Ultra-protective ventilation is the combination of low airway pressures and tidal volume (Vt) combined with extra corporeal carbon dioxide removal (ECCO2R). A recent large study showed no benefit of ultra-protective ventilation compared to standard ventilation in ARDS (Acute Respiratory Distress Syndrome) patients. However, the reduction in Vt failed to achieve the objective of less than or equal to 3 ml/kg predicted body weight (PBW). The main objective of our study was to assess the feasibility of the ultra-low volume ventilation (Vt ≤ 3 ml/kg PBW) facilitated by ECCO2R in acute respiratory failure patients. Retrospective analysis of a prospective cohort of patients with either high or low blood flow veno-venous ECCO2R devices.
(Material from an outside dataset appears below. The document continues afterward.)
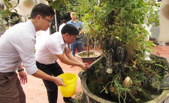 Thả cá diệt bọ gậy phòng, chống dịch bệnh sốt xuất huyết.

A session was defined as a treatment of ECCO2R from the start to the removal of the device (one patient could have one more than one session). Primary endpoint was the proportion of sessions during which a Vt less or equal to 3 ml/kg PBW at 24 h after the start of ECCO2R was successfully achieved for at least 12 h. Secondary endpoints were respiratory variables, rate of adverse events and outcomes. Forty-five ECCO2R sessions were recorded among 41 patients. Ultra-low volume ventilation (tidal volume ≤ 3 ml/kg PBW, success group) was successfully achieved at 24 h in 40.0% sessions (18 out of 45 sessions, confidence interval 25.3–54.6%). At 24 h, tidal volume in the failure group was 4.1 [3.8–4.5] ml/kg PBW compared to 2.1 [1.9–2.5] in the success group (p < 0.001). After multivariate analysis, blood flow rate was significantly associated with success of ultra-low volume ventilation (adjusted OR per 100 ml/min increase 1.51 (95%CI 1.21–1.90, p = 0.0003). Ultra-low volume ventilation (≤ 3 ml/kg PBW) was feasible in 18 out of 45 sessions. Higher blood flow rates were associated with the success of ultra-low volume ventilation.